About this task: Count how many lines in this material contain "features". The answer is that number alone.

Source records:
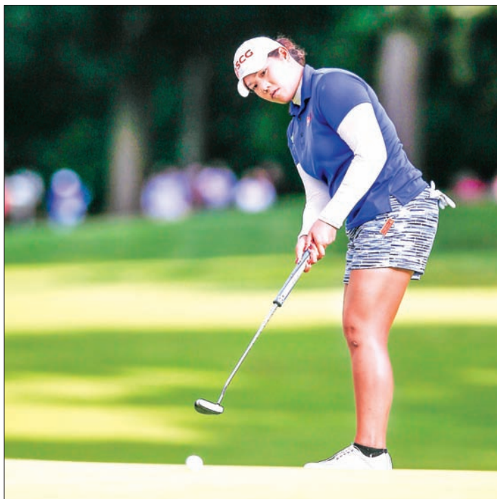
Thailand's Ariya Jutanugarn during her third round during RICOH Women's British Open 2016 at Woburn Golf & Country Club, England on 30 July 2016.

World number one Lydia Ko was down the field on three-under 213. The South Korean-born New Zealander looked as if she might launch a charge with six birdies in nine holes from the eighth but a dou-
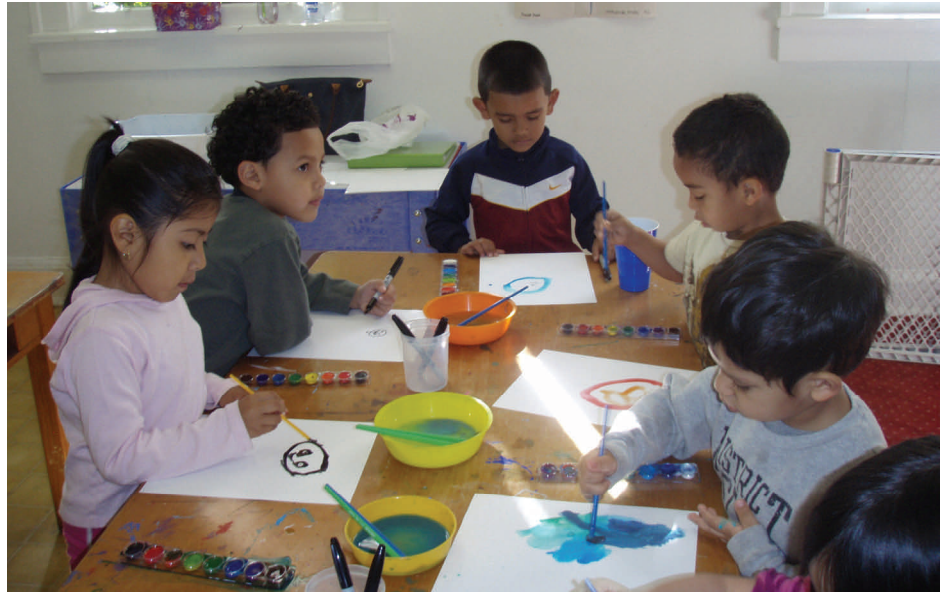
Preschoolers practice their artwork. The school will hold a graduation for 29 students - and their proud parents and relatives - on June 22.
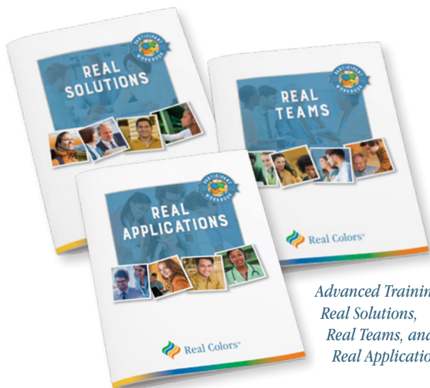
Advanced Training: Real Solutions, Real Teams, and Real Applications.

Using this powerful knowledge, your participants will develop more effective communication skills and build better relationships, in and out of the workplace.
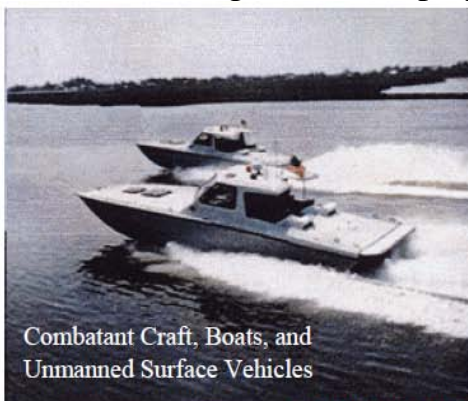
Combatant Craft, Boats, and Unmanned Surface Vehicles

The Naval Surface Warfare Center Carderock Division (NSWCCD) will be on campus October 31, 2011 for an information session at 337 Towne from 6:00 – 7:00pm. This information session will give you a more detailed description of our organization and what we are doing in the management of ships and ships systems. It will also explain how you as an engineer working for us will play into the important mission of the organization.
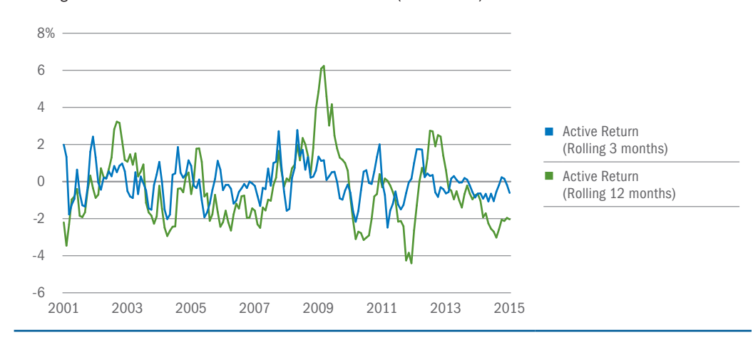
Exhibit 4: RI indexes subject to greater short-term performance variations

Rolling active return - MSCI USA IMI ESG vs. Russell 3000 (2001-2015)
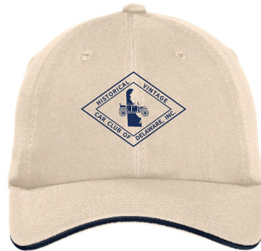
Stone w/ Navy Accent

An exceptional combination of breathability and moisture wicking, this cap features a quick-drying CoolMax sweatband. The sandwich bill adds character and is a great complement to any logo.
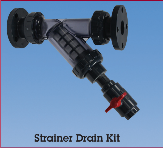
Strainer Drain Kit

Asahi/America Inc., introduces Sediment Strainer Drain Socket kits complete with Omni® Type-27 ball valves for quick and easy cleaning of sediment strainer screens without removing the screen support assembly. The ball valve can be opened to purge the screen area of waste and debris. Valve is supplied loose for piping waste pipe to desired location.
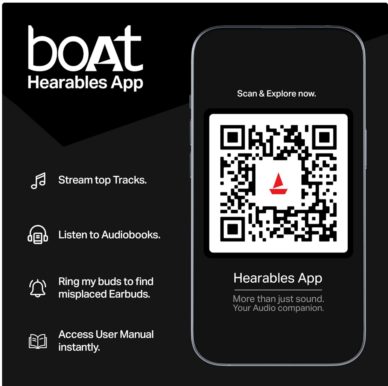
Image: A smartphone screen displaying the boAt Hearables App interface, with a QR code for scanning and exploring features

For warranty information and customer support, please refer to the official boAt website or the boAt Hearables App. The app provides instant access to the user manual, troubleshooting guides, and allows you to manage your earbuds.
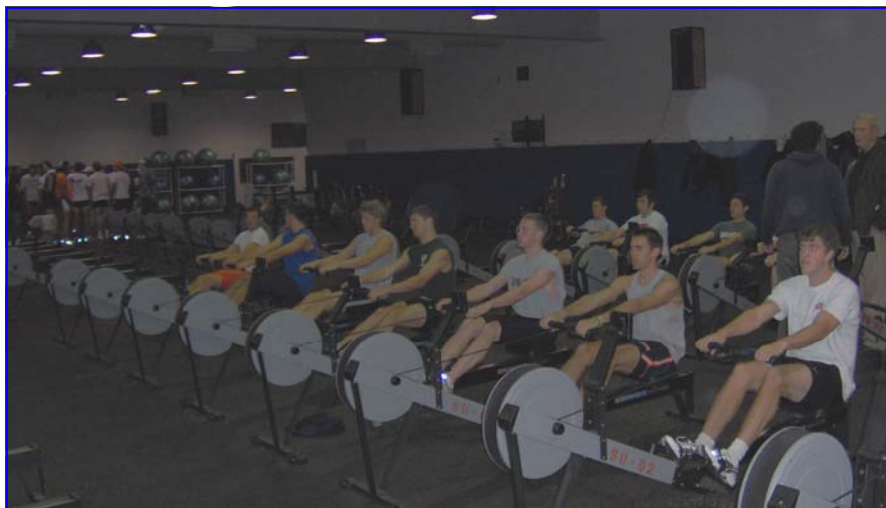
SU Men Practice in the Compson Room. "Friends Don't Let Friends Erg Alone"
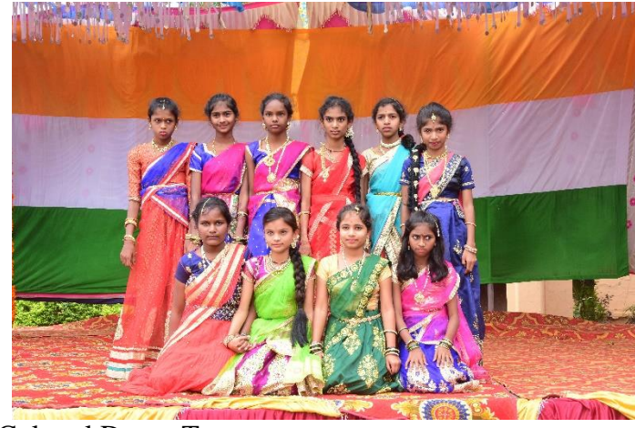
Cultural Dance Team
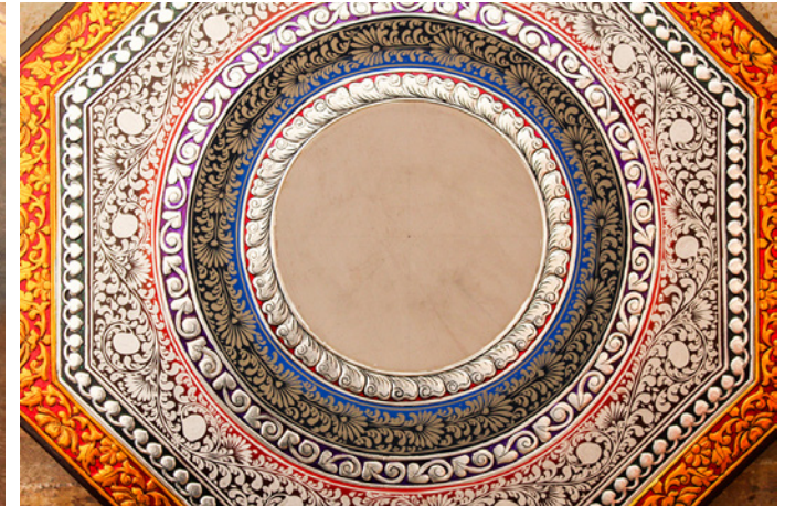
Close up of the Kinnal wall plate.
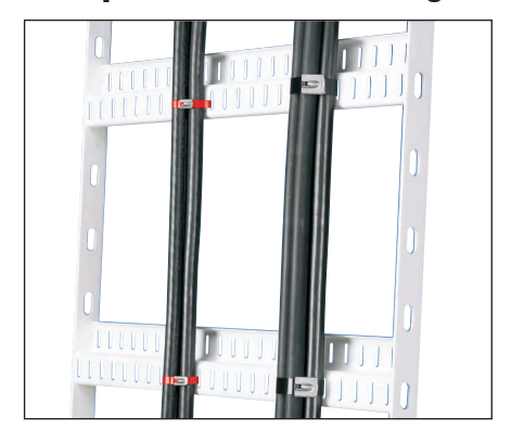
Application Fire protection cabling secured to a cable tray
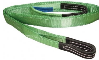
H322 Flat Sling
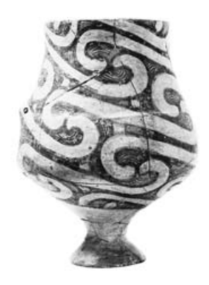
Pottery of the Cucuteni culture (4800 to 3000 BC)

If you look at a physical map of Romania, observe the shape of the Transylvanian Plateau: you could say that our country forms a great circle around Transylvania. Well, that was where the Romanian nation was born.

Solution to the exercise: 2